Are you interested in the future?
You may want to reply – “Isn’t everyone?” Well, no, most people aren’t. We’re living in a time when, except for politics, the economy and our personal prospects, most people have their eyes very carefully averted from the future.
Science fiction films may get big turnouts, but it’s mostly for the entertainment.It wasn’t for nothing that George Lukas placed the Star Wars films in another galaxy “far away and long ago”. Those films were not about the future. Neither were The Matrix (let’s hope), or the two Bladerunners, except as a reflection of our deep fear of the future.
I’ve been fascinated by the future since 1959 when I began to read the dazzling science fiction of that time. Those stories, and the steady advances in computers and robotics that followed, convinced me long ago that AI and robots are going to play a big role in our future.
A while ago, I began searching for a book that could bring me up to date on AI, and found Ray Kurzweil’s book,The Singularity is Near. Over 600 pages, it’s an encyclopedia of the near future.
Kurzweil is a robotics developer/futurist. He wrote the book because he thinks we are sleep-walking into the future. New technologies, drugs, genetic procedures, etc, arrive month after month and receive almost no resistance. If we continue this lemming-like advance, we may be sorry.
Back in the 1950s, physicist/mathematician John von Neumann observed that if technology continued to evolve at a steadily accelerating pace there would come a critical point when that acceleration would turn into an explosion – the Singularity.
Kurzweil believes the Singularity is close (his predicted date – 2045). Because of this, he says our century will not simply be another 100 years of technological progress – it will be 20,000 years worth of progress.
In other words, the future is going to come all at once. If faster-than-light travel is possible, it will probably happen in this century. Super-intelligent robots, some with bodies indistinguishable from yours, may fill the streets by mid-century. Most of what science-fiction writers expected to come in 100 – 200 years may be just around the corner.
For example, AI researchers are still struggling to produce a computer equal to the human brain.
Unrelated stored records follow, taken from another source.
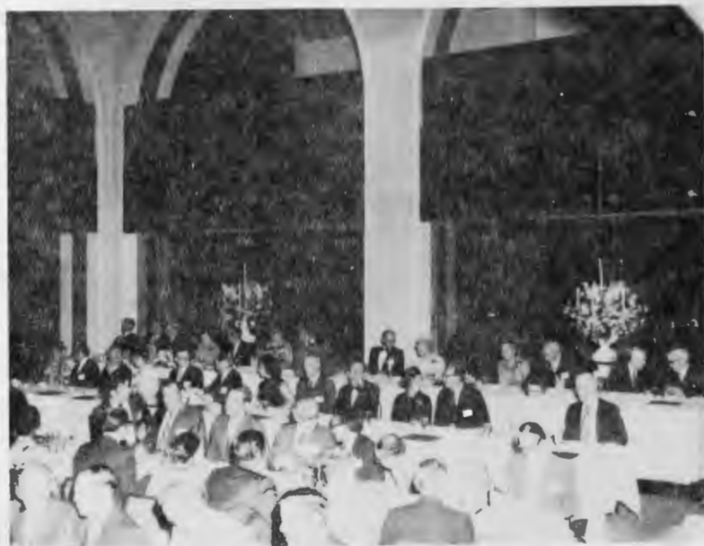
The Banquet – October 27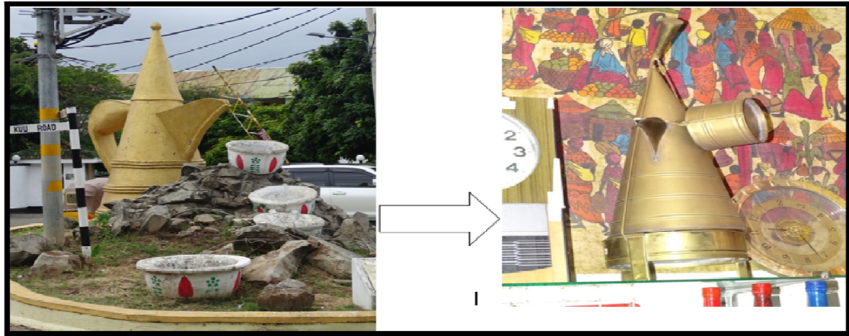
Plate 1 Replica of Coffee pot used by ancient Swahili people

serve guests with coffee. The coffee pot was known as Buli and it is used as an element with historical bearing indicating an interesting aspect of cuisine. The Bronze Kettle was popularly used as it could keep the coffee hot for a long period. The pot was later built-in front of fort Jesus in 1988.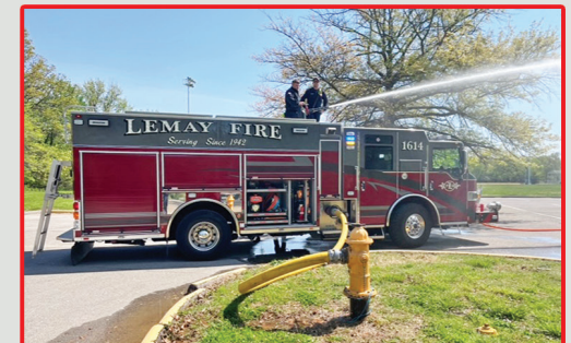
Water supply and master stream training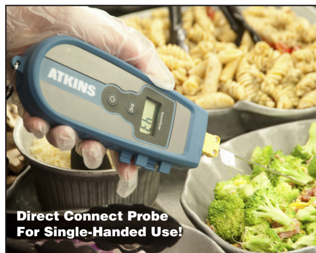
Direct Connect Probe For Single-Handed Use!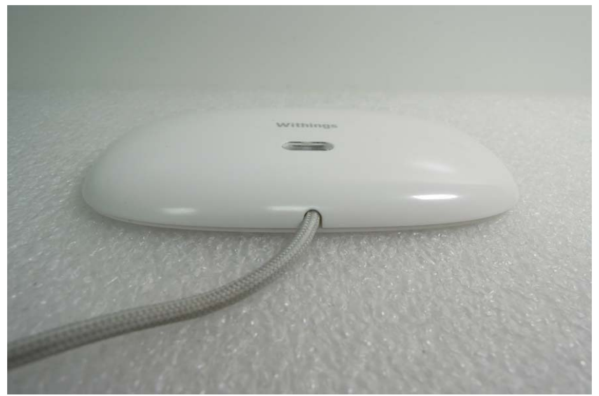
Adapter – 1

But on specific tasks they have exceeded that – the best chess-playing computers have left human grand-masters in the dust. For competition they have to play each other now.
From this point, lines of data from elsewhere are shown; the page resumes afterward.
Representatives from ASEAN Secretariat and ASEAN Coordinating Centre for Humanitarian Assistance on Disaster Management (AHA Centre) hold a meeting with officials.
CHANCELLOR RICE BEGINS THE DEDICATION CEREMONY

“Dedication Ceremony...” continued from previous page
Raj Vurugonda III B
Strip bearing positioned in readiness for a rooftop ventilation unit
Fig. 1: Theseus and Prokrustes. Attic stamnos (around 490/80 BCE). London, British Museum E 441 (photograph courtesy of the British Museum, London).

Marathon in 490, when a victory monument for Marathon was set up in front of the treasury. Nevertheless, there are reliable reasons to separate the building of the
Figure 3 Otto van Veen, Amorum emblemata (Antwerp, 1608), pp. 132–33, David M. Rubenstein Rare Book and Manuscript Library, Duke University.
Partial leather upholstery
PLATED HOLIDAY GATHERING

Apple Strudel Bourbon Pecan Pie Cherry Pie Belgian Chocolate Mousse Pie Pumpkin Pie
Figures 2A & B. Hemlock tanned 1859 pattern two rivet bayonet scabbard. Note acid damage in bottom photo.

Try putting a small paragraph from any novel or other book into one of the new translation apps (Google’s is one of the best). I did it with sentences from my own novels, putting them into Spanish in which I am reading-fluent. The translations were flawless. And almost instant. I was left in awe. I believe a computer that can do that is on the brink of sentience.
The goal of most AI researchers is not to match human intelligence. It is super-intelligence that will go far beyond what humans can do.
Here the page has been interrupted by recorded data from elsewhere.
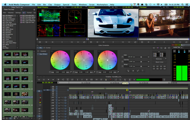
Bundle Artist | DNxIO with Media Composer to maximize your HD and high-res efficiency.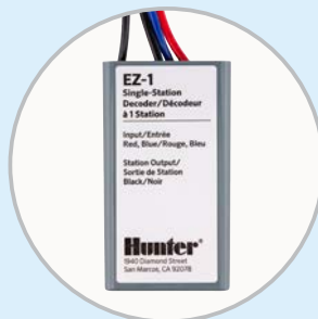
EZ Decoder System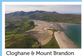
Cloghane & Mount Brandon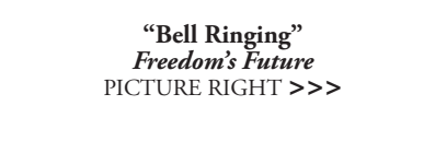
"Bell Ringing" Freedom's Future PICTURE RIGHT >>>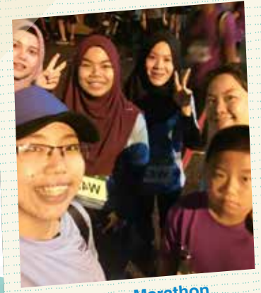
Malaysia Day Marathon Before marathon starts.

Our latest sports gathering was on the 23rd of September, the Malaysia Day marathon where a group of us have taken on the 6km and 12km run respectively. This was our 2nd participation in a marathon after the fun-filled first event which was the Chocolate Run held in March, 2017. Here are some of our photo collections during the Marathon Run!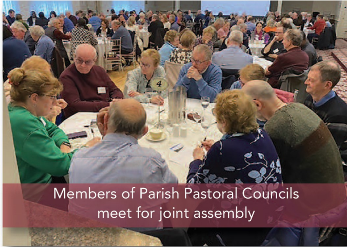
Members of Parish Pastoral Councils meet for joint assembly

I am conscious that most parishioners in Achonry and in Elphin will not have noticed much change on the ground. In many ways, that is good news, because much of the change is at diocesan level and our parishes continue to function effectively and to provide the pastoral care that people need on a daily basis. The kind of change that we need to see when merging two dioceses is primarily organic growth. It is like the change that you see in your children, or indeed in your garden, or on the farm. It happens slowly over time, but it is real growth. If there is structural change, it has to be focussed on supporting spiritual growth and the maturing of our parish communities.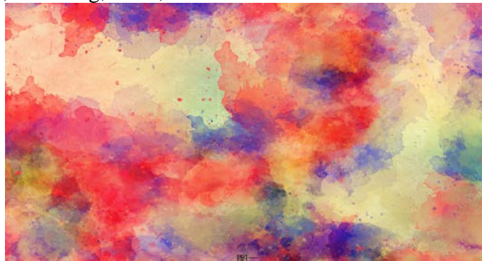
Figure 1 Interior decoration

Compared with traditional color decoration, modern watercolor decoration has unique performance characteristics. In interior design, relevant designers can start with the basic requirements of interior design, according to the decorative performance of watercolor, redefine its decorative composition, modeling, color, texture and other connotations.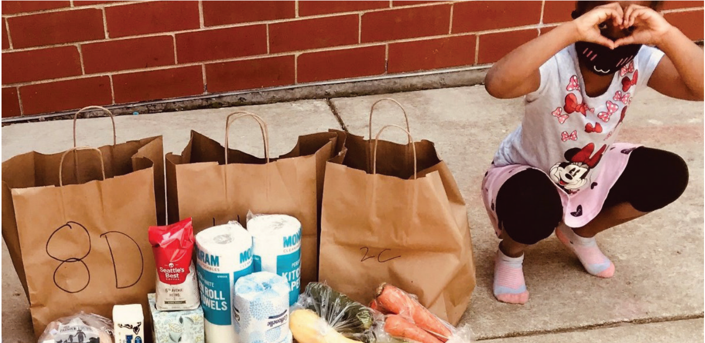
A child at SOS Illinois stops for a loving pose with groceries delivered by Swissôtel Chicago

Over the course of three short months, SOS Children's Villages Illinois has faced myriad new and unexpected challenges as an organization caring for at-risk youth and children in foster care. As the "stay at home" order was put in place due to COVID-19, we were grateful our services were deemed essential; and therefore, continued without interruption. However, the very idea of going full speed ahead, when most of the population of Illinois was asked to shelter in place, easily could have seemed an overwhelming task.

It remains to be seen when they can reach that, but Kurzweil predicts that by 2030 you will be able to buy a laptop for a $1,000 equal to 1,000 human brains. By 2050, he says that money will buy a computer with more thinking power than all the human brains on Earth. That would be your home computer. What a super-computer would be like is beyond imagining.
Do you see what might be coming? If there are no gods now, they may be coming soon. If the gods that many people worship now are real, what will they make of these upstarts?
Are you concerned that we’ll be no match for robots and AI, that they will simply replace us? The science-fiction of Isaac Asimov tried to reassure us, insisting that robots/computers will always be required to protect and assist humans (the ‘Three Laws of Robotics’).
Kurzweil thinks Asimov was wrong. He thinks super-intelligence will be uncontrollable. So we better make sure that it’s on our side, which means that we should be working on that relationship now.
Shouldn’t we all be thinking about this?